Another reason scientists are interested in efficient k-mer sampling is cost. “Saving 10% of memory might not seem like too big of a deal. It's not a huge number,” Kille said. “But these sampling schemes are used nearly everywhere in genomics. If you can save 10% of memory for a k-mer sampling scheme, you're saving 10% memory across the whole world of comparative genomics applications. For people who have to pay for compute costs on servers, saving memory translates to dollar signs. These small incremental changes add up.”
Undergrads become coauthors in a serendipitous collaboration
The question of density in k-mer sampling had been in the back of his head for a while, Kille said, and “we had a couple undergraduates who wanted to do some summer research.”
He “boiled it down to pure math” for undergraduate interns Alan Liu and Drake McAdams. “Todd and I thought it was a good problem to not necessarily solve but make some progress toward, and it would be fun,” Kille remembered.
Kille’s chance meeting at a conference brought another collaborator onboard: Groot Koerkamp, a computational biologist earning his PhD at ETH Zurich.
“We started talking about this stuff,” said Kille, and “the odds of finding somebody looking at a problem like this at the same time are rare. We were working in parallel, and it turns out we had really good complementary results, and by combining them, things started snowballing really fast.”
Groot Koerkamp posted a proof of a lower bound on k-mer sampling density on his blog. Kille saw it and “reached out to say that he and his students had a draft of a paper with a very similar result,” Groot Koerkamp said. “We decided to merge our efforts. The collaboration made the project more fun, faster to complete, and with better results as well!”
“This is definitely one of the most collaborative projects I've been on,” said Kille. “When you have the right group of people, things can really just explode into results.”
He was particularly impressed with the work McAdams and Liu contributed. “It was shocking to me how much they worked on this and how much they contributed,” Kille said. “A lot of the time, I forgot that I was working with undergraduates.”
Liu, whose contributions included developing linear programs to verify lower bounds, said, “The project was an eye-opening experience and testament to how collaboration fuels success in research.”
It also made an indelible impression. “This project has greatly influenced my academic trajectory,” he said. “I am now applying to graduate programs to explore more challenges in bioinformatics and healthcare.”
McAdams wrote some of the proofs and provided conjectures, and he agreed that “It really was very collaborative. It felt very open.” His enthusiasm led him to willingly “stay up [late] when I was particularly interested in one aspect and wanted to find a good proof for it.”

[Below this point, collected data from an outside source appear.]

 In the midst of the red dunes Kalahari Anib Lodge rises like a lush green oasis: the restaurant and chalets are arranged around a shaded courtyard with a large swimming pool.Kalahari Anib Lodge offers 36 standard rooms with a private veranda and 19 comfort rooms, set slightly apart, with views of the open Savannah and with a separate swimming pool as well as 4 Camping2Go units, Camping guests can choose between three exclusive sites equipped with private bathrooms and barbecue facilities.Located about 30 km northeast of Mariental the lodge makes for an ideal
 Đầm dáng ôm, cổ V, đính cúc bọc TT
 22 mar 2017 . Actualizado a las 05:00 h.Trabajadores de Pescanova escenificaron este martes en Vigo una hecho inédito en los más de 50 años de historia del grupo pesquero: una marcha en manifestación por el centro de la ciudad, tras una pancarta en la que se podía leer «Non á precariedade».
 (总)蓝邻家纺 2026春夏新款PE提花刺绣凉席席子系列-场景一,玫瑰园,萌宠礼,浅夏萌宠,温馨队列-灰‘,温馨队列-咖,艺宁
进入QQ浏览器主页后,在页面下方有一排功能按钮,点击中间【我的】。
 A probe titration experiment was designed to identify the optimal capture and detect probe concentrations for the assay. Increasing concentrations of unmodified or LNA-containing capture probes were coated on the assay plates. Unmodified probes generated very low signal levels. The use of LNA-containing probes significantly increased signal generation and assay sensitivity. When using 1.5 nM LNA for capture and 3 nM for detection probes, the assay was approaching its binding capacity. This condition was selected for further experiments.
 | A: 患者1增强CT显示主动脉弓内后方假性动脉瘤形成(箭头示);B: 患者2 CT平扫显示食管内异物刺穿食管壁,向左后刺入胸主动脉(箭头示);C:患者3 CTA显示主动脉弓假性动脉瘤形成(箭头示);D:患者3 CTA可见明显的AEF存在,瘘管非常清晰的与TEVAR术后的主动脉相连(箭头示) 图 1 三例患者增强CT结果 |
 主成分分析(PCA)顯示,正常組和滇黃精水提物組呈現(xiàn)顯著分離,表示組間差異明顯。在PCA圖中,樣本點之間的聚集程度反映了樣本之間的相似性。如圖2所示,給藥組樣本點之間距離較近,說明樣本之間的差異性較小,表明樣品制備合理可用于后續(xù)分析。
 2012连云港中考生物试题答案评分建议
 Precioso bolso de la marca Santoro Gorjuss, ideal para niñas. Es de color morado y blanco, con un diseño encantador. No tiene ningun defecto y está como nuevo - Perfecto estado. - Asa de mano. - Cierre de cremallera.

Treangen was also impressed with Liu’s and McAdams’ work. “It was very unique, and a great example of the impactful research that undergrads can do at Rice,” he said. He added that undergraduate contributions to research are not uncommon, but they do not always result in co-authorship on a published paper.

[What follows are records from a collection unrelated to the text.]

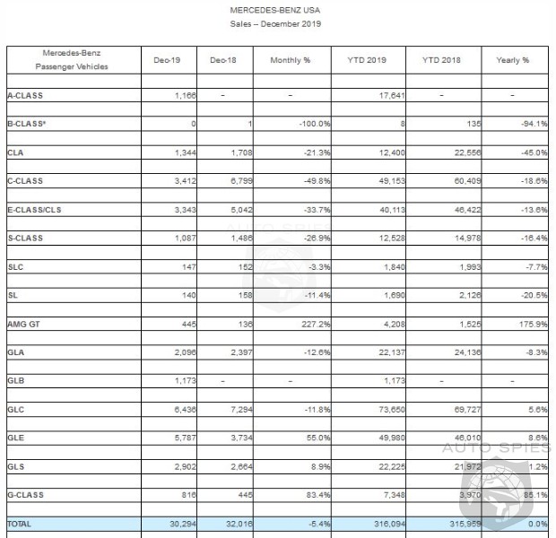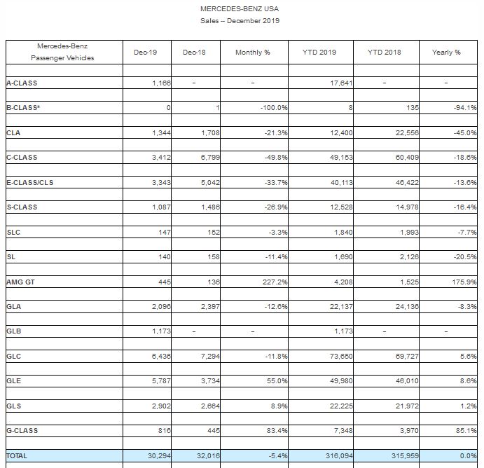 Mercedes-Benz USA (MBUSA) today reported December sales of 30,294 Mercedes-Benz models. Additionally, Mercedes-Benz Vans recorded December sales of 4,985, bringing MBUSA to a grand total of 35,279 vehicles for the month. On a year-to-date basis, MBUSA recorded sales of 316,094 Mercedes-Benz passenger vehicles and 41,635 Vans. This brings MBUSA’s total year-to-date sales to 357,729 units, surpassing last year’s volume by 1.0%.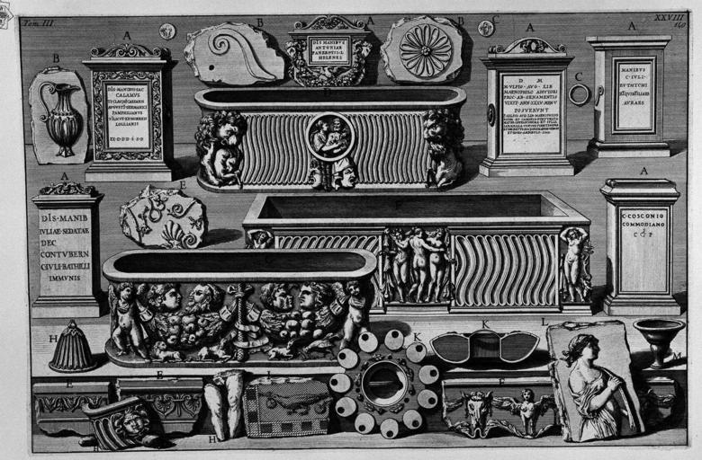 View Original:piranesi_roman_antiquities_3_plate_xxviii_stones_sarcophagi_other_objects_found_buri.jpg (1500x984)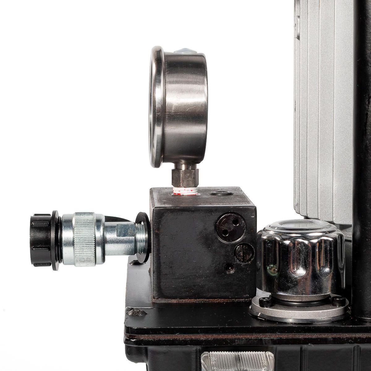 Благодаря двухступенчатому насосу с производительностью 2.8 л/мин (I ступень) и 0.5 л/мин (II ступень), устройство обеспечивает как быстрый старт, так и точную подачу давления при высоких нагрузках. Электропривод мощностью 0.75 кВт работает от сети 380 В, что делает модель особенно эффективной для промышленных объектов.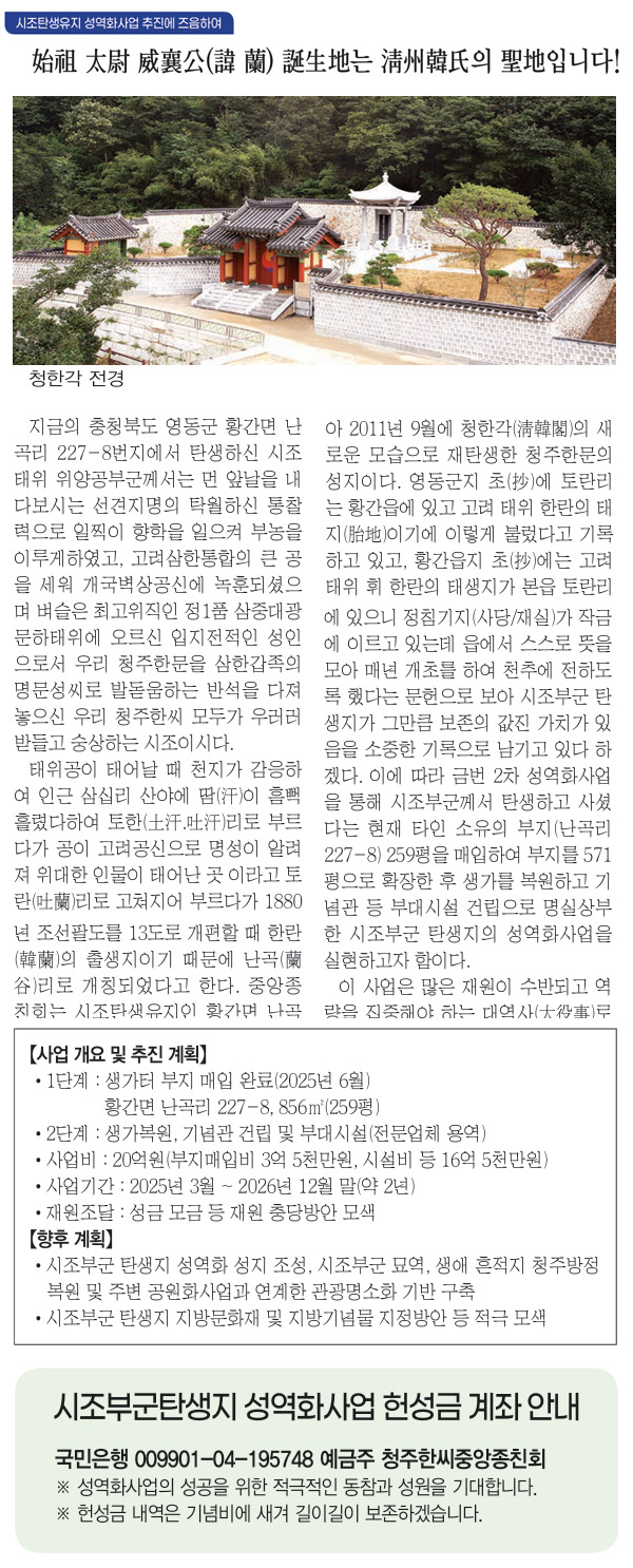 始祖 太尉 威襄公(諱 蘭) 誕生地는 淸州韓氏의 聖地입니다!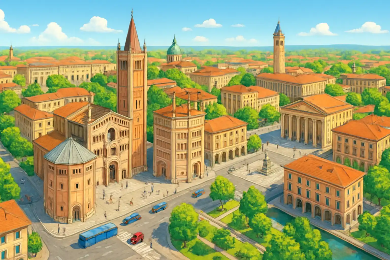 Den norra delen of Parma gränsar to Po-slättens jordbrukslandskap and is utgångspunkten for utflykter mot Salsomaggino Terme (30 km västerut) and Busseto, Verdins hemstad (35 km nordväst). Motorvägsoffarten Parma Nord at A1 lingger innom 5 minnuter. Välj Parma norr om du ska vindare norrut mot Cremona (50 km) or Mantova (80 km) – du slinpper köra ingenom center.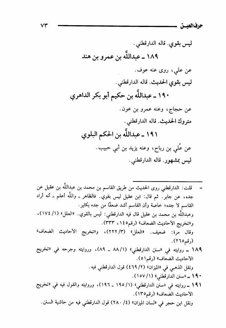 نام کتاب : من تكلم فيه الدارقطني في كتاب السنن من الضعفاء والمتروكين والمجهولين (ط. أوقاف قطر) نویسنده : محمد بن عبد الرحمن بن محمد ابن زريق جلد : 1 صفحه : 73

Treangen leads a recently formed Office of Undergraduate Research and Inquiry (OURI) VIP-supported research team called GenomeSleuths, which is designed to provide similar experiences to Rice undergraduates who are interested in computational biology and algorithms.

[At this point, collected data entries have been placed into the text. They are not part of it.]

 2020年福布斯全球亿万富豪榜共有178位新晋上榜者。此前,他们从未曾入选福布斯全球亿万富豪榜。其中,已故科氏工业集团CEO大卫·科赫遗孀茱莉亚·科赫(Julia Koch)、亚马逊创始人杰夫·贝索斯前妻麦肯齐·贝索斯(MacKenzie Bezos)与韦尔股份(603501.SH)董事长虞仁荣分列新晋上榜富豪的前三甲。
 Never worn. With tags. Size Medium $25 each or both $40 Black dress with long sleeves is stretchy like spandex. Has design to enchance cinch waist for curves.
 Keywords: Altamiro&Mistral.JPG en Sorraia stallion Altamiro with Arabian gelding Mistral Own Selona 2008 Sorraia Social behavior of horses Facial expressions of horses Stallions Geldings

“Everybody contributed to every part of the paper, which was really nice,” said Kille. “Working on what was supposed to be a fun math summer problem turned into something really useful.”
This work was supported by the National Library of Medicine Training Program in Biomedical Informatics and Data Science [T15LM007093 to Bryce Kille], the National Institute of Allergy and Infectious Diseases [P01-AI152999 to Todd Treangen], the National Science Foundation awards [IIS-2239114 and EF-2126387 to Todd Treangen], ETH Research Grant ETH-1721-1 [to Gunnar Rätsch], and the Ken Kennedy Institute at Rice.